查看更多>>摘要:The age-dependent variation in wood properties is a very complex phenomenon because its pattern is highly dependent on tree species and wood traits. In this study, we evaluated the variation of multiple traits inclusively based on the distribution of eigenvalues calculated from the near-infrared spectral matrix at each cambial age. The experiments were conducted on four tree species with characteristic xylem structures, aiming to clarify the intrinsic behaviour of tree aging independent of tree species. The eigenvalues diffused with age in any species, such as in Dyson's Brownian motion. The gradual increase in the first eigenvalue, which is equivalent to the Helmholtz free energy, indicates that trees form a more ordered wood with age. As all the variations induced by various wood properties during the process of tree growth were aggregated into the set of eigenvalues, the FokkerPlanck equation representing the variation of eigenvalue distribution might provide a conclusive answer for the determination of demarcation between juvenile and mature wood.

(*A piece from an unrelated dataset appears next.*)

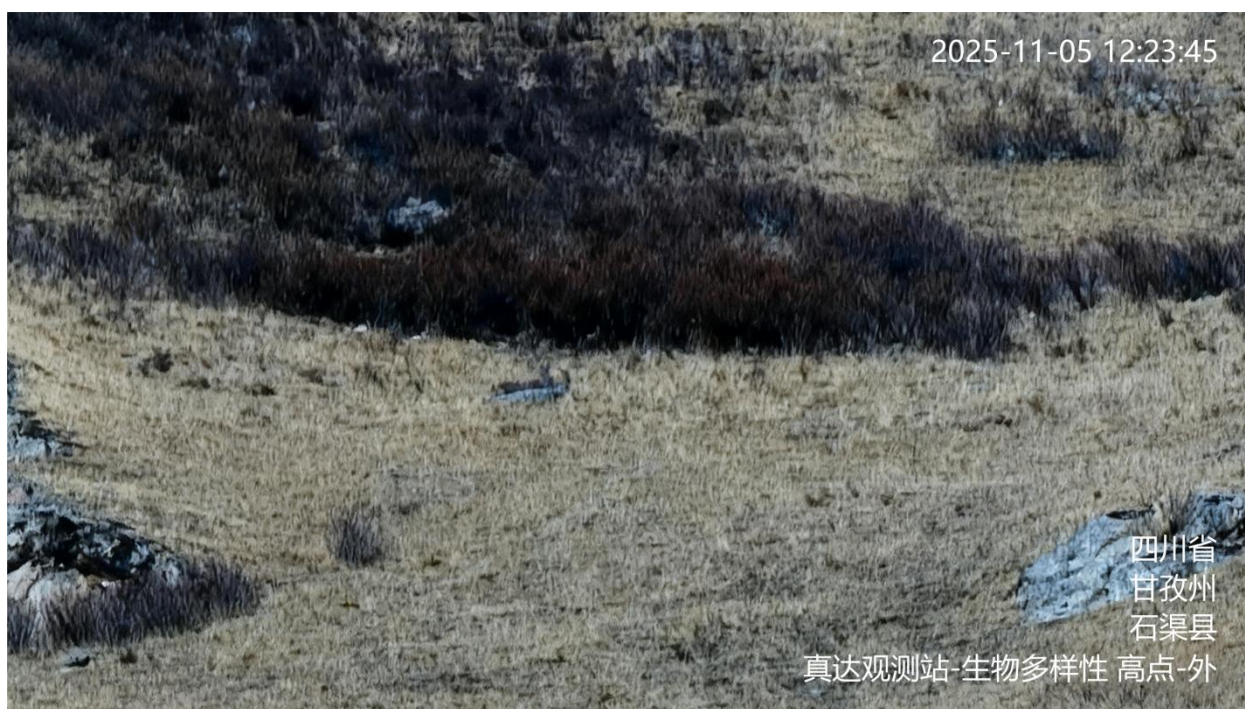
图 A. 10 生物多样性监控视频信息标注示例

A. 11 机动车遥感监控视频的地点信息、用途信息为：道路简称-机动车遥感，如：裕度大道-机动车遥感。标注示例见 A. 11。

The age dependency of Shannon entropy and density matrix calculated from the probability associated with each energy eigenstate provided us with knowledge from the perspective of randomness; namely, tree aging from the perspective of the variation of wood properties was clearly an irreversible process. This result offers an important clue for sustainable forest management and the use of wood resources. The proposed method does not depend on a specific coordinate, thus, it will work well using data other than the near infrared spectrum.